To exercise your rights, contact us. We will respond within 30 days.

You also have the right to lodge a complaint with the Romanian National Supervisory Authority for Personal Data Processing (ANSPDCP), dataprotection.ro.

XI. Cookies and Local Storage

This site uses the following storage mechanisms:

  • theme — visual theme preference (light/dark), stored in the browser's localStorage
  • cookie-consent — your analytics cookie choice (accepted/declined), stored in localStorage
  • Google Analytics (GA4) — analytics cookies (_ga, _gid) set only after explicit consent.
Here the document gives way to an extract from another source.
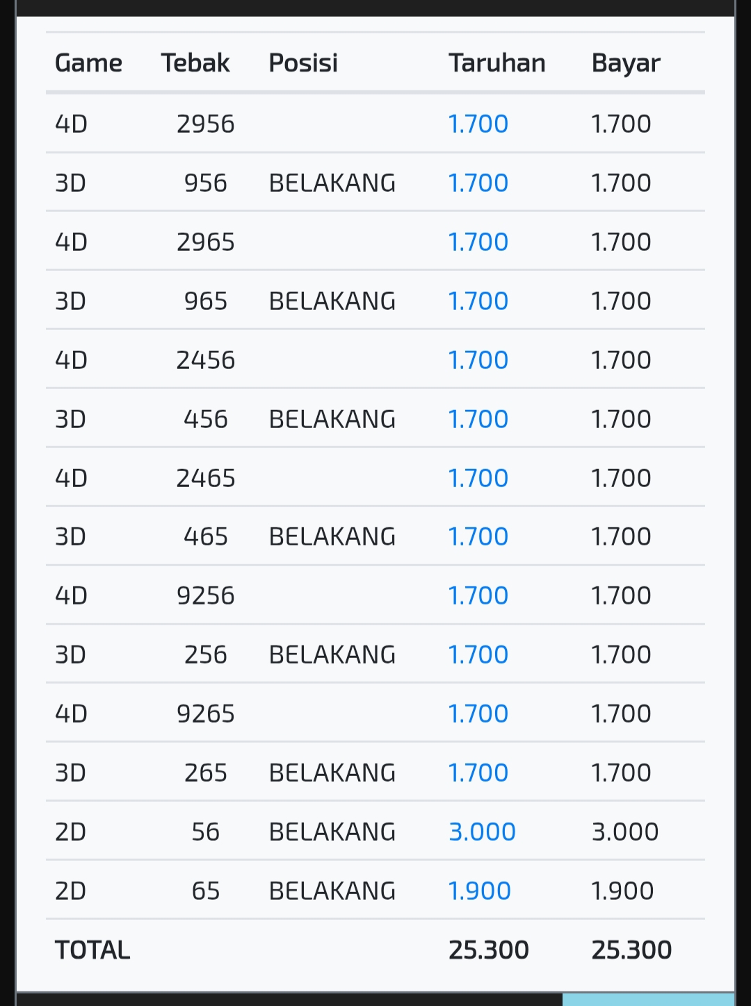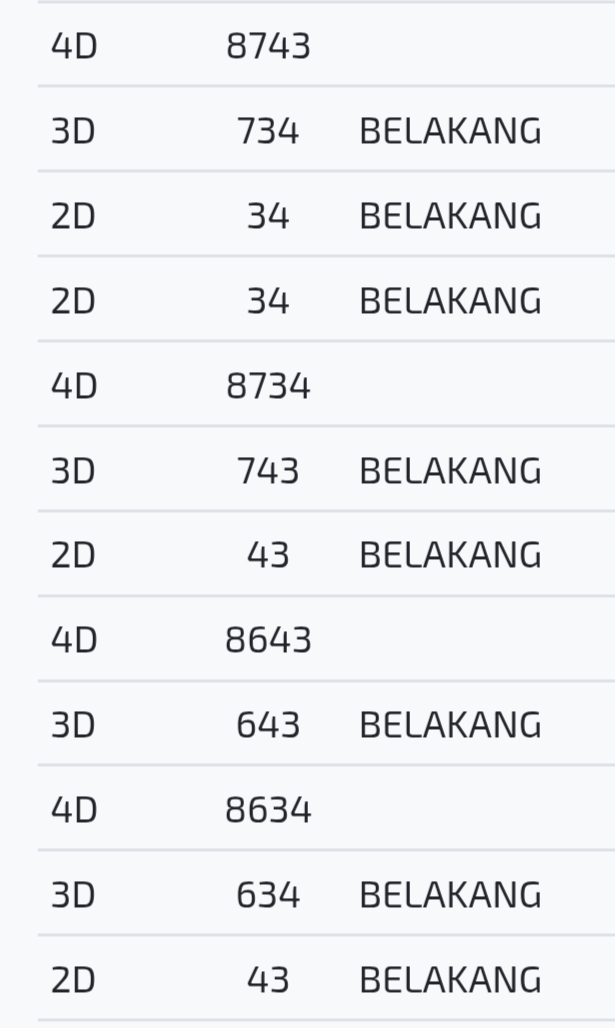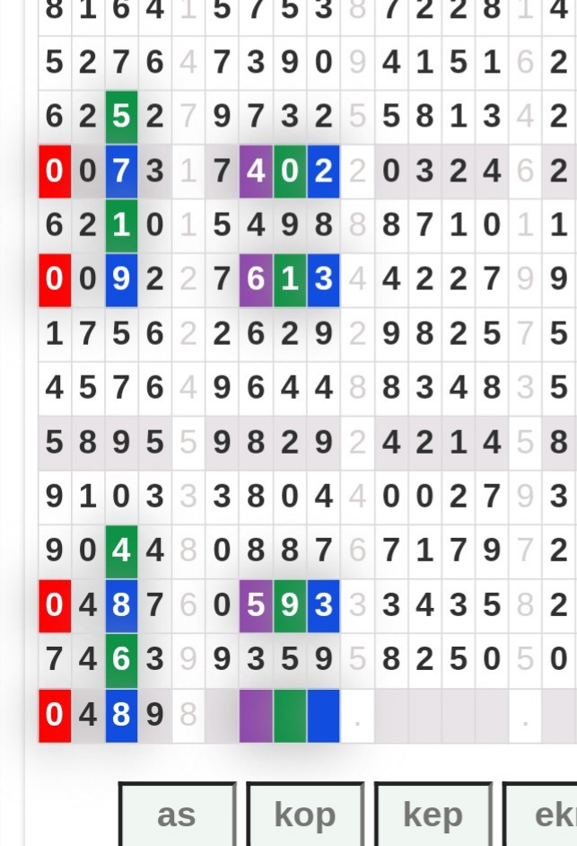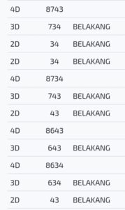 | Rumus Angka Mati berdasarkan kepala harian | 08 09 10 16 17 19 20 27 28 30 31 32 37 38 39 40 41 42 43 48 49 50 51 52 54 59 60 62 63 65 74 75 76 85 86 87 96 97 98 |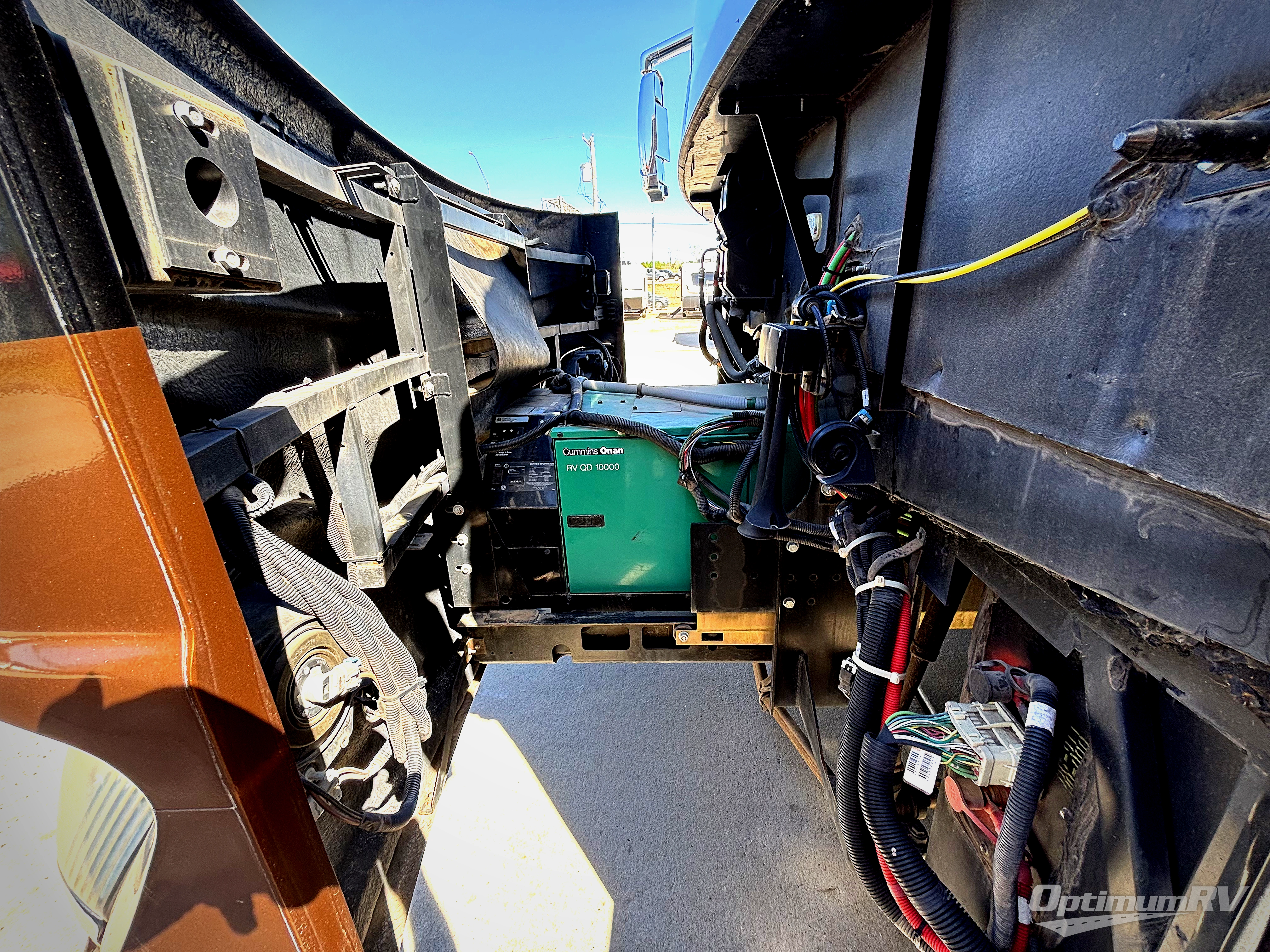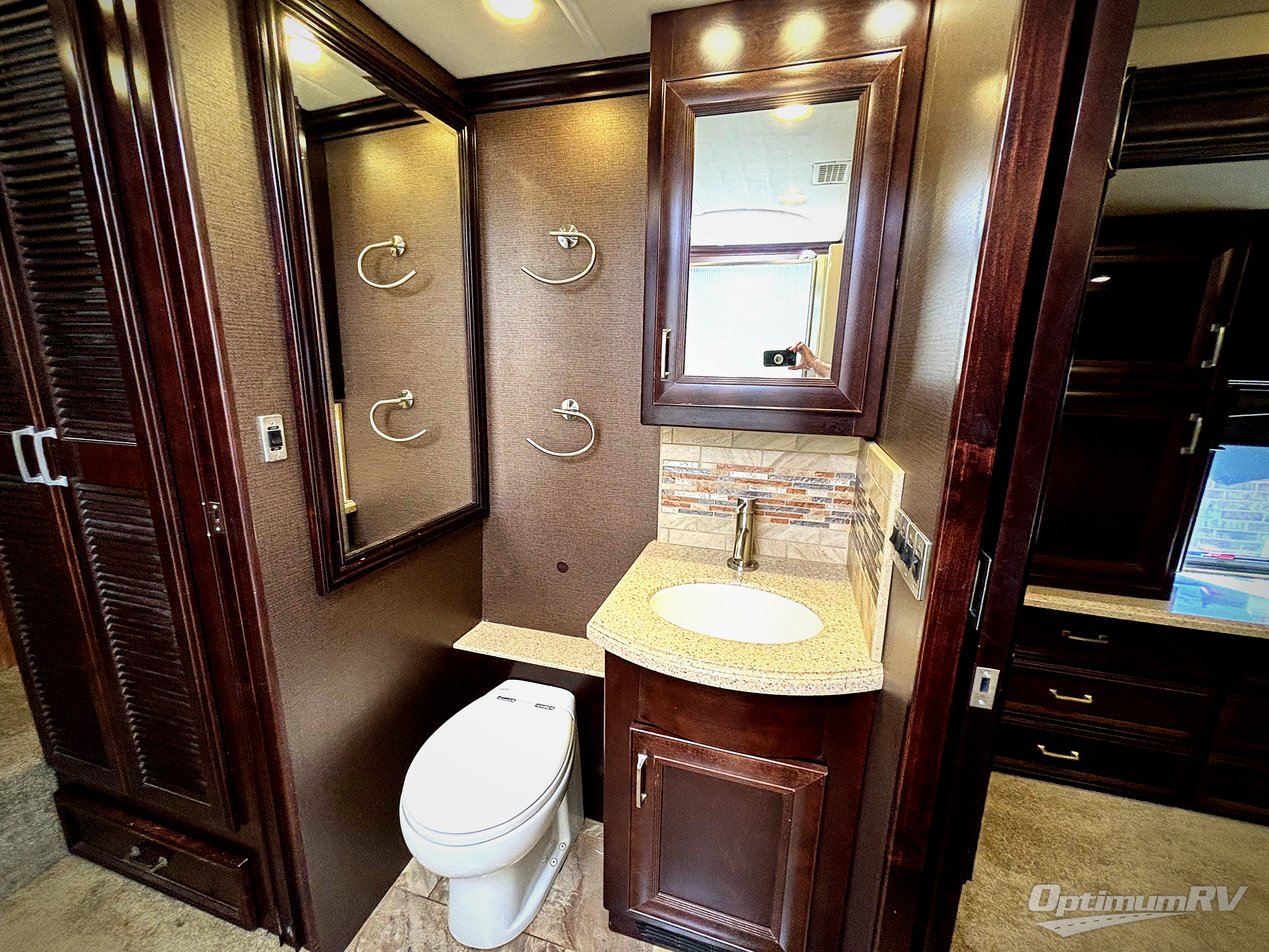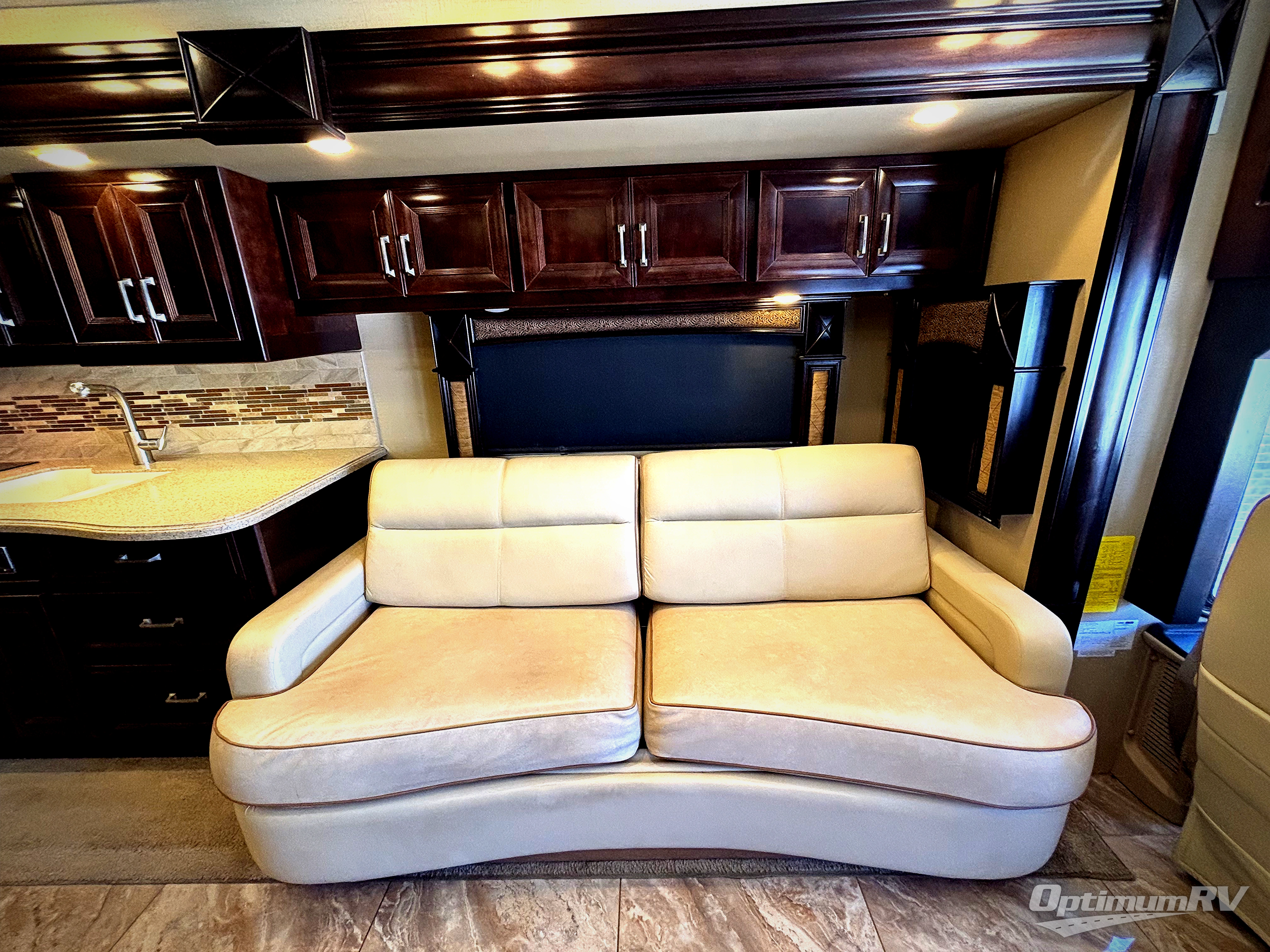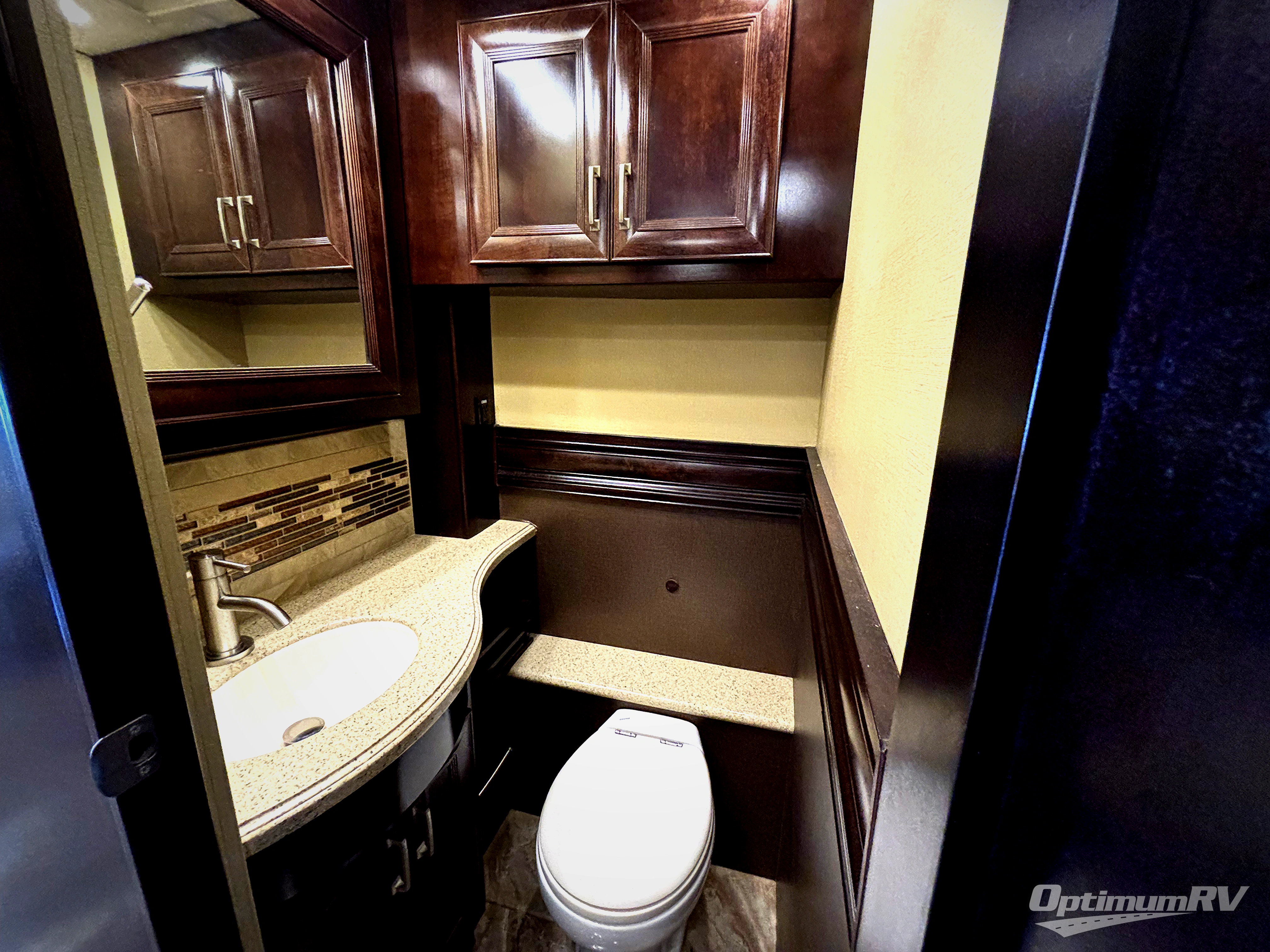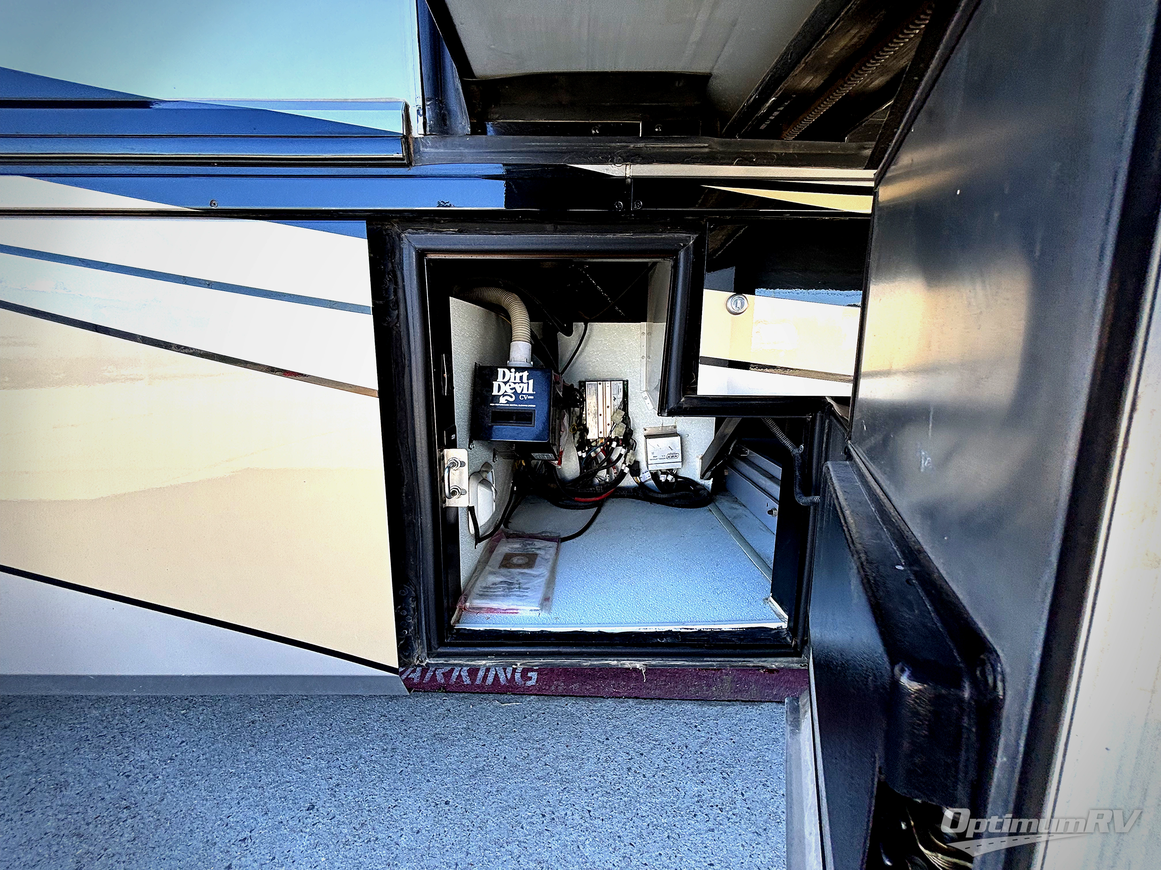 The American Revolution 42T motor home by American Coach features a bath and a half. Starting in the rear of the motor home, there is a walk-in closet with a stackable washer and dryer, utility cabinet, wardrobe and shelves. The bathroom has a shower, toilet, sink, and medicine cabinet. In the bedroom, there is a king bed and nightstands slide. As you proceed from the bedroom, to the right, is a half bath. The living and kitchen areas offer a 46" LED tv, a slide with a dining table & chairs and sofa. There is also a front 32" LED tv. The side behind the driver's seat is a full wall slide and has a sofa, double kitchen sink, microwave, three-burner range, refrigerator with ice maker, pantry and 32" LED tv in the bedroom. You can choose a few "extras" as options, washer dryer ready, washer dryer combo, dishwasher, king bed with air mattress, face-to-face dinette ensemble.

Collects anonymized data about site usage (pages visited, session duration, country). Does not collect personally identifiable data. You can decline these cookies via the banner shown on your first visit.

Cloudflare Web Analytics additionally operates without cookies and without collecting personal data.

If you are logged into the factcurier app, a functional cookie (fc_user) set by the app may be read by this site to personalize the browsing experience. This cookie is strictly necessary and does not require consent.

XII. Policy Changes

We reserve the right to update this privacy policy. Significant changes will be communicated via email or platform notification at least 15 days before taking effect. The date of the last update is displayed at the top of this page.